Die von der NADA entsandten Doping-Kontrolleure müssen bei der Verrichtung ihrer Arbeit gründlich sein. Dies ist eine Selbstverständlichkeit. Unpräzise Dokumentationen seitens der Kontrolleure dürfen im Ergebnis nicht zu Lasten der betroffenen Athleten gehen. Kontrolleure haben sich vielmehr mit Nachdruck zu bemühen, den NTP-Testpool-Athleten zu erreichen und müssen daher alles ihnen Mögliche unternehmen, um zum Erfolg (Kontaktaufnahme und Durchführung der Kontrolle) zu kommen.

Und dennoch (und schon wieder): Im Fall eines amtierenden Olympiasiegers musste diese Grundlage effektiver Anti-Doping-Arbeit durch eine aktuell ergangene Entscheidung im Rahmen der „Administrativen Überprüfung“ zu Gunsten unseres Mandanten bekräftigt werden. Die NADA verhängte gegen den Olympiasieger wegen des zu bewertenden Sachverhalts (Kontrollversuch außerhalb eines Wettkampfes) ein „Meldepflicht- und Kontrollversäumnis“ (Missed Test), weil dieser angeblich nicht sichergestellt habe, dass ein Dopingkontrollteam ihn an dem angegebenen Ort auch auffindet. Nach Auffassung der NADA hatte das Dopingkontrollteam „alles ihr Mögliche unternommen“, habe den Sportler jedoch nicht auffinden können.

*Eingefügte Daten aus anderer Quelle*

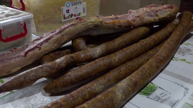 Anuța Rus: „Asta e cârnat afumat, cu carne, coaste cu de toate, slănină, picior de porc pentru răcitură."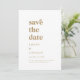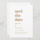 Diese moderne Goldtypografie ist Save the Date perfekt für eine einfache Hochzeit. Das minimalistische Design in Gold und Weiß besticht durch einen Retro-zeitgenössischen Schriftart mit einem einzigartigen rustikalen böhmischen Ambiente. Ideal für jede Jahreszeit. Behalt es minimal, wie es ist, oder fügen Sie Ihre eigenen Grafiken und Kunstwerke.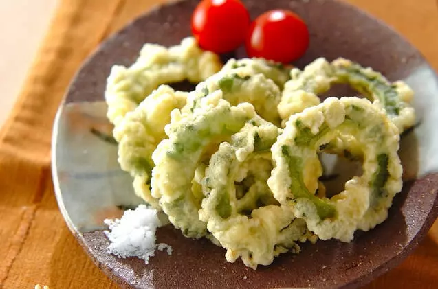 ビタミンCたっぷりで栄養満点のゴーヤを、輪切りにして天ぷらに。シンプルに塩でいただきます。ゴーヤは低カロリーなので、揚げてもヘルシーにいただけておすすめです。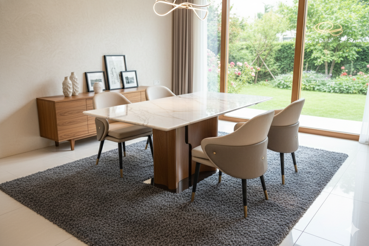 Naturally strong and heat-resistant, the luxury stone is further reinforced with an epoxy layer to enhance its toughness. This added protection makes it resistant to scratches and everyday wear, safeguarding your table from frequent use and contact with cutlery.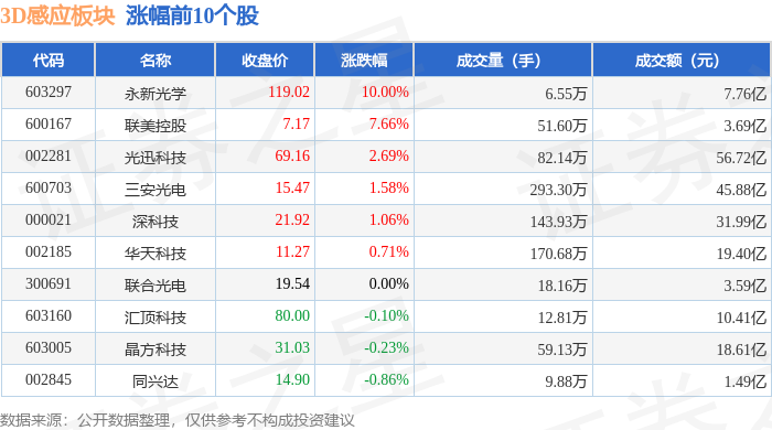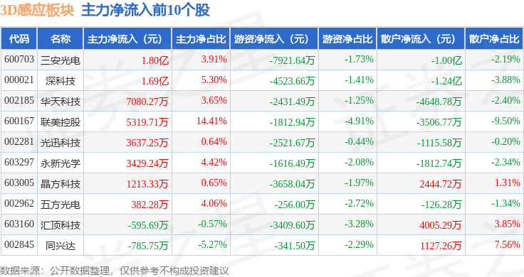 从资金流向上来看,当日3D感应板块主力资金净流出13.46亿元,游资资金净流入1.26亿元,散户资金净流入12.2亿元。3D感应板块个股资金流向见下表:

Gegen diese Entscheidung  der NADA hat unser Mandant die „Administrative Überprüfung“ beantragt. Im Rahmen des Überprüfungsverfahrens hat die nach der Verfahrensordnung zuständige Stelle die Maßnahme der NADA (Verhängung eines „Missed Test“) aktuell korrigiert und im Ergebnis festgestellt, dass kein Meldepflicht- und Kontrollversäumnis des Olympiasiegers gegeben ist.

Zum Hintergrund: Alle Athletinnen und Athleten der Testpools RTP und NTP geben ihre Aufenthaltsinformationen zum Zwecke der Kontrollplanung in einer internetbasierten Datenbank der WADA ab („ADAMS“), mit der auch die NADA arbeitet. Für Athleten, die einem internationalen oder nationalen Testpool angehören, können die Auswirkungen einer „Missed-Test“-Feststellung der NADA gravierend sein. Denn kommt es binnen 12 Monaten zu drei Meldepflicht- oder Kontrollversäumnissen, so führt dies nach dem NADA-Code zu einer Sperre von 2 Jahren, mindestens – je nach Grad des Verschuldens – jedoch 1 Jahr.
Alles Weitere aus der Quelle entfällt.